Quizá en alguna ocasión nos ha pasado que estábamos escuchando música en nuestro cuarto o íbamos con los auriculares puestos y nuestra madre o algún amigo quería decirnos algo. No le oíamos. Ni siquiera éramos conscientes de que estaban intentando decirnos algo. Seguramente también nos ha pasado que nuestra madre o ese amigo ha tenido que elevar la voz o ha tenido que llamar a la puerta de nuestro cuarto de una manera más contundente y por fin hemos percibido que querían decirnos algo.

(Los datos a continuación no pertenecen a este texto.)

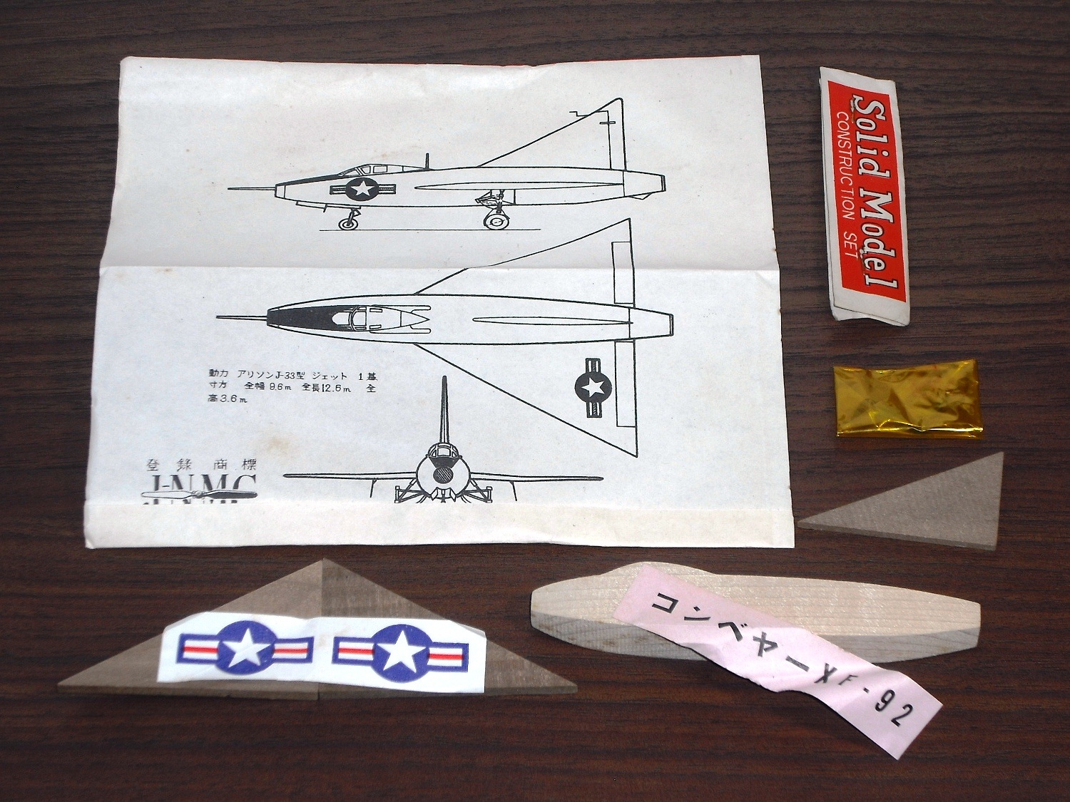 Japanese Solid Model construction set released in 1950s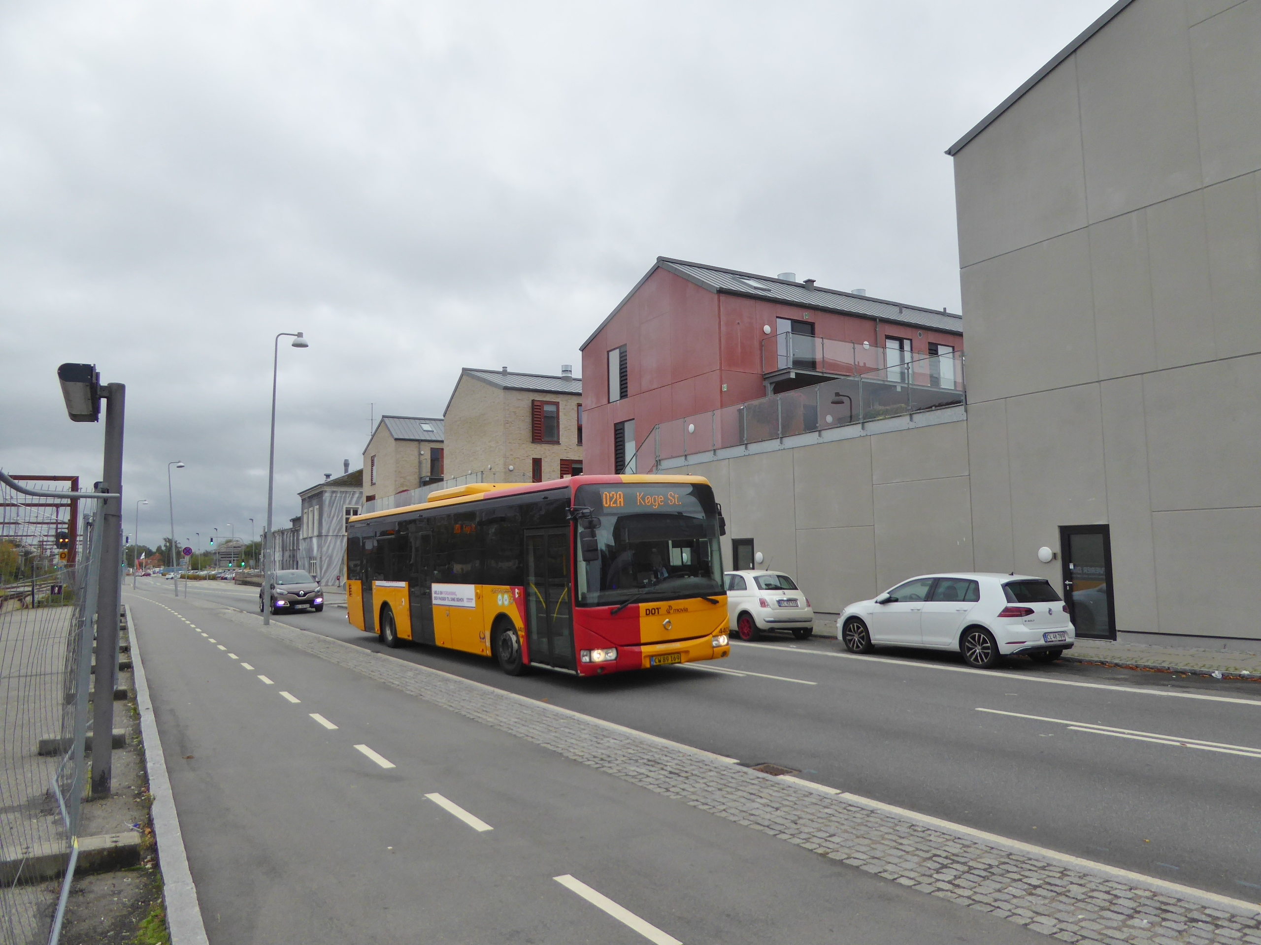 Movia bus line 102A on Ivar Huitfeldtsvej at Køge Station in Denmark.

Esto sucede porque teníamos el volumen de la música muy alto y no dejaba que entrase nada más en nuestros oídos.

El Papa Francisco en su mensaje para la Cuaresma de este año nos dice que “en este tiempo recibimos, siempre una fuerte llamada a la conversión“. Siguiendo con el ejemplo de la música, el Señor habla más fuerte, nos llama de una manera más fuerte. Como nuestra madre o ese amigo nuestro que intentaba decirnos algo. Y ¿a qué nos llama? A la conversión. A cambiar, “a no contentarnos -como dice el Papa- con una vida mediocre“.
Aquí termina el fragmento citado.